--- What is expected ---
Begin at the line containing "Instalación ! Es" and give again every line to the end of the records, exactly, without the pictures.

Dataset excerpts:
........

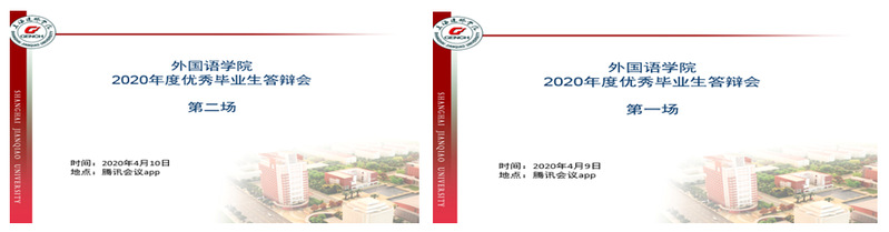 4月9日下午和4月10日下午,外国语学院分两次组织召开了2020届本科生上海市优秀毕业生和上海建桥学院优秀毕业生答辩评审会。本次会议为线上网络会议,以“视频+PPT汇报+评委老师提问”的形式进行,参与答辩的优秀毕业生候选人共43人,外国语优秀毕业生评审小组全体成员参与了此次答辩评审工作。答辩工作由彭艳虹老师主持。主持人介绍了此次答辩的评审组老师、候选人名单和顺序、答辩的规则、主要内容和形式,并强调了时间的限制。43名候选人依次开始展示自己的PPT,通过学习、工作、生活、兴趣爱好、未来展望、获得荣誉、志愿活动等多方面总结自己在大学期间的收获和感悟。评委老师针对候选人的PPT内容和讲解提出问题、建议,都得到了积极的反馈和回应。为实现公平公正,全部过程均录音录屏保存。答辩过程中,各位候选人与老师的问答互动都很活跃,并表示会牢记八字校训“感恩、回报、爱心、责任”,不忘本,走出社会后,继续努力提升自己,积极找工作,为母校争光、为社会做贡献。答辩结束后,评审小组组长、党总支书记江萍老师对此次答辩做了总结,对候选人在校的优异表现表示赞扬和欣慰,提醒他们疫情期间保护自己,并从个人品质和社会责任两方面对
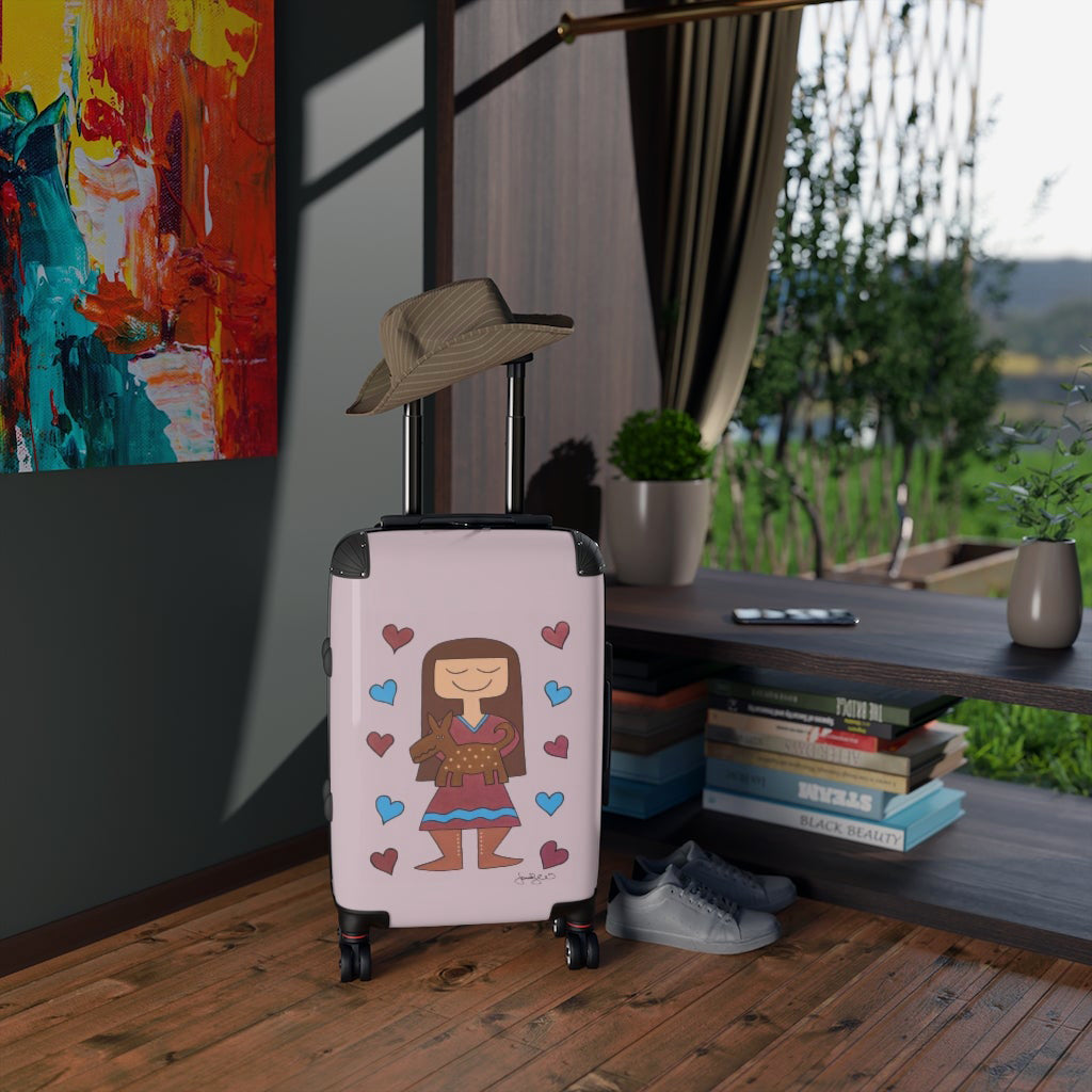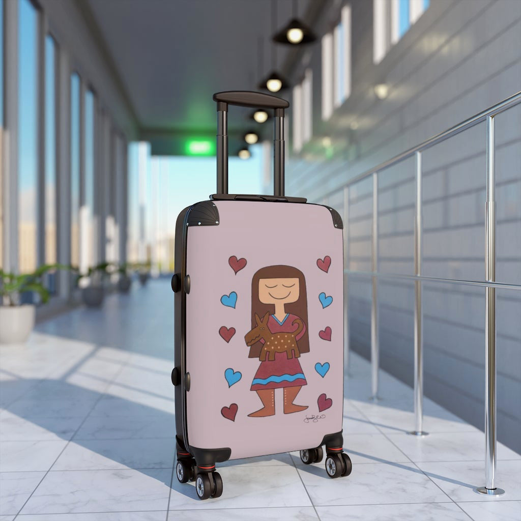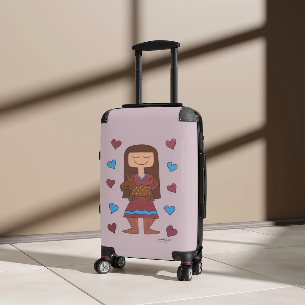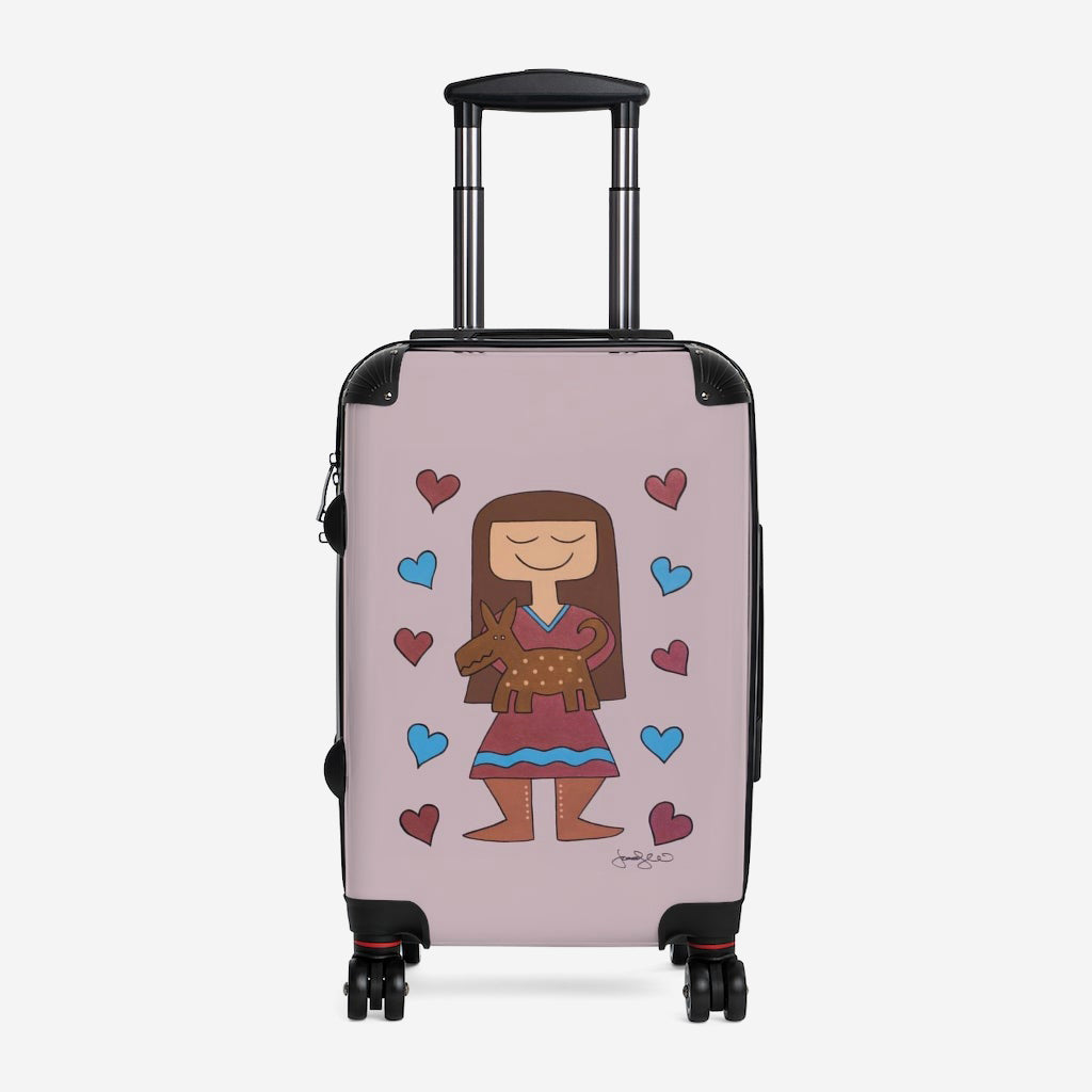 Make a bold statement with this wheeled carry on imprinted with Jody Naranjo’s Just Me and My Dog.
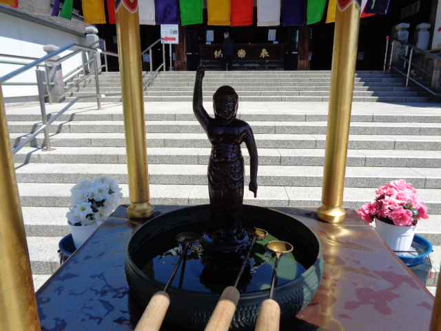本日は釈尊降誕会、お釈迦さまのお誕生日です。深川不動堂にお参りに行きました。釈尊降誕会は別名「花祭り」とも云われ、鮮やかなお花で囲まれています。小さいひしゃくで誕生仏に甘茶をかけて参拝します。
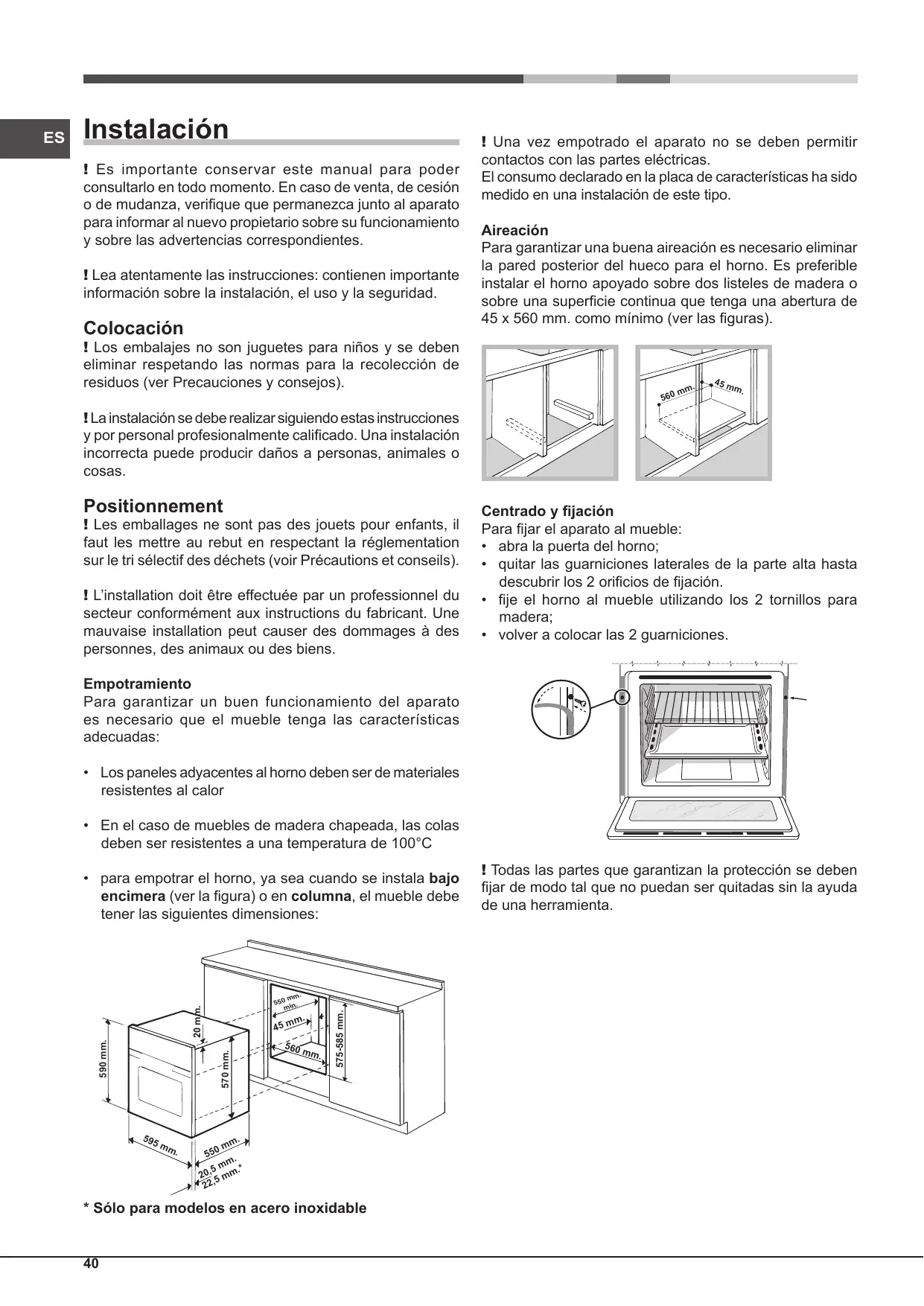 Instalación ! Es importante conservar este manual para poder consultarlo en todo momento. En caso de venta, de cesión o de mudanza, verifique que permanezca junto al aparato para informar al nuevo propietario sobre su funcionamiento y sobre las advertencias correspondientes. ! Lea atentamente las instrucciones: contienen importante información sobre la instalación, el uso y la seguridad. Colocación ! Los embalajes no son juguetes para niños y se deben eliminar respetando las normas para la recolección de residuos (ver Precauciones y consejos). ! Una vez empotrado el aparato no se deben permitir contactos con las partes eléctricas. El consumo declarado en la placa de características ha sido medido en una instalación de este tipo. Aireación Para garantizar una buena aireación es necesario eliminar la pared posterior del hueco para el horno. Es preferible instalar el horno apoyado sobre dos listeles de madera o sobre una superficie continua que tenga una abertura de 45 x 560 mm. como mínimo (ver las figuras).
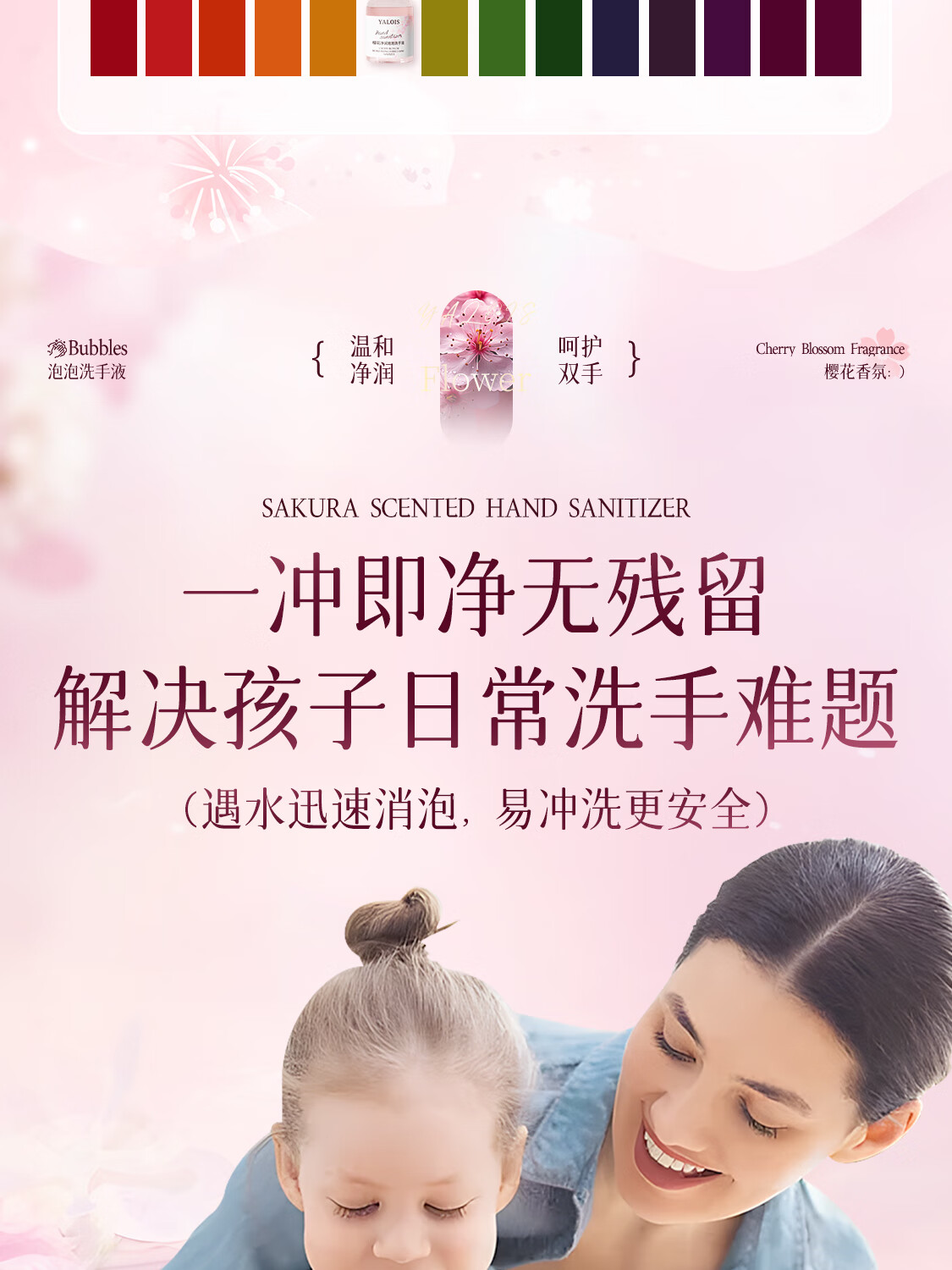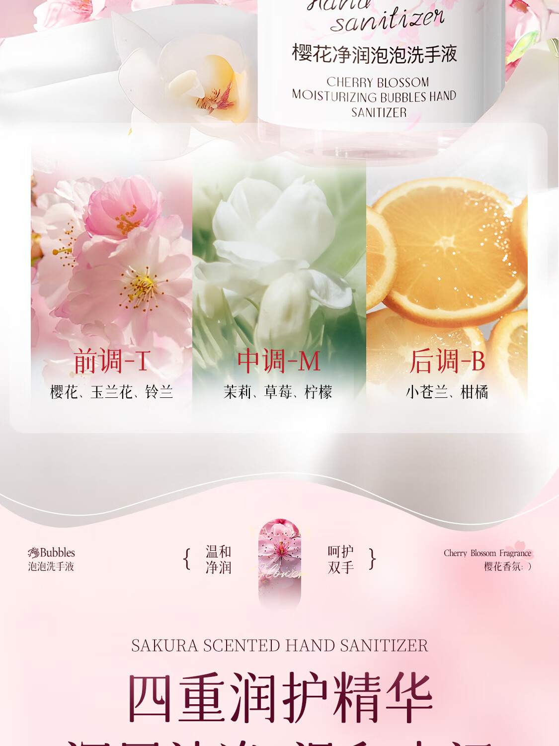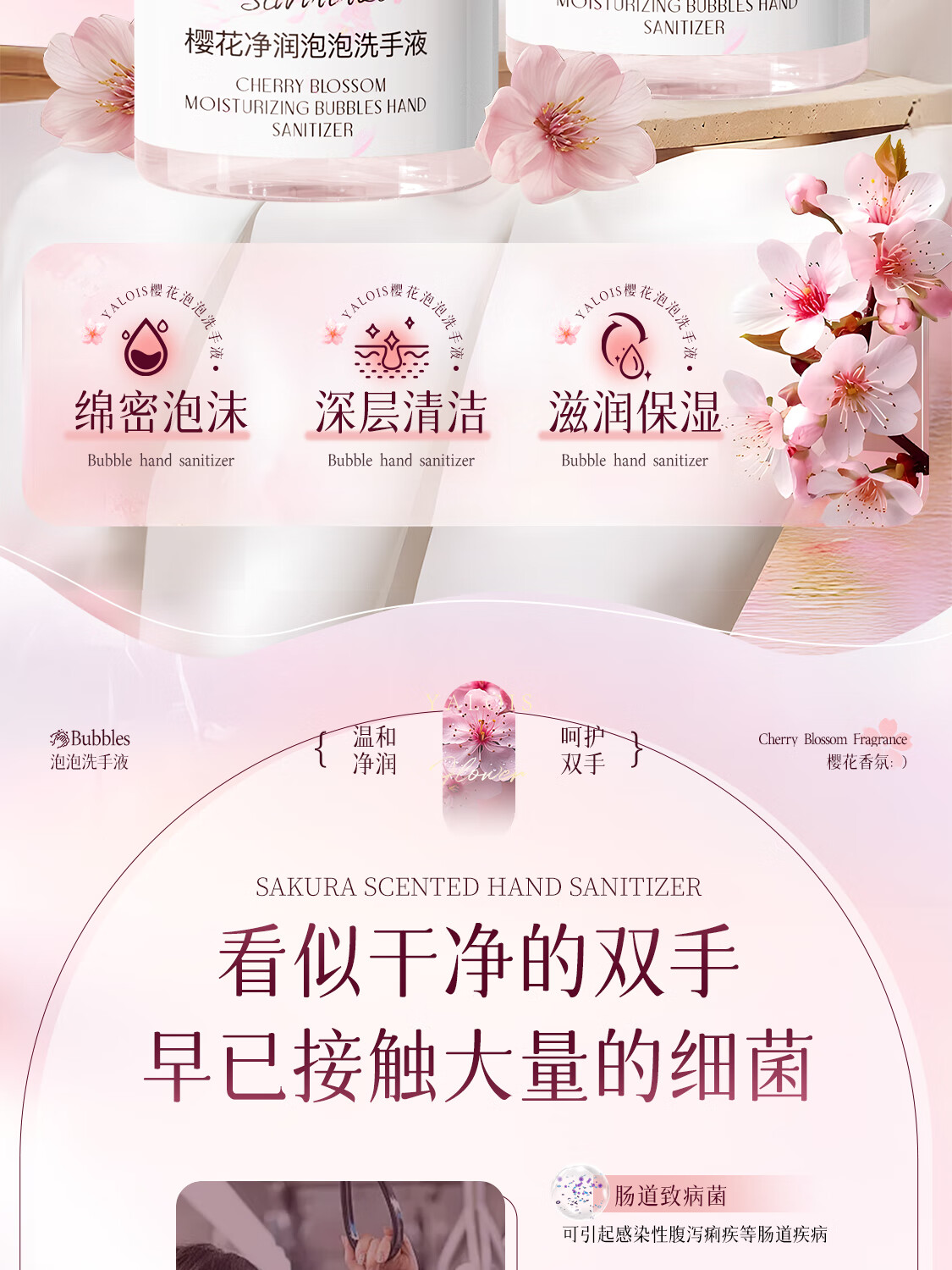 娅洛思樱花净润泡泡洗手液500ml抑菌杀菌儿童泡沫型洗手液便携补充装

........

--- Task answer ---
 Instalación ! Es importante conservar este manual para poder consultarlo en todo momento. En caso de venta, de cesión o de mudanza, verifique que permanezca junto al aparato para informar al nuevo propietario sobre su funcionamiento y sobre las advertencias correspondientes. ! Lea atentamente las instrucciones: contienen importante información sobre la instalación, el uso y la seguridad. Colocación ! Los embalajes no son juguetes para niños y se deben eliminar respetando las normas para la recolección de residuos (ver Precauciones y consejos). ! Una vez empotrado el aparato no se deben permitir contactos con las partes eléctricas. El consumo declarado en la placa de características ha sido medido en una instalación de este tipo. Aireación Para garantizar una buena aireación es necesario eliminar la pared posterior del hueco para el horno. Es preferible instalar el horno apoyado sobre dos listeles de madera o sobre una superficie continua que tenga una abertura de 45 x 560 mm. como mínimo (ver las figuras).
 娅洛思樱花净润泡泡洗手液500ml抑菌杀菌儿童泡沫型洗手液便携补充装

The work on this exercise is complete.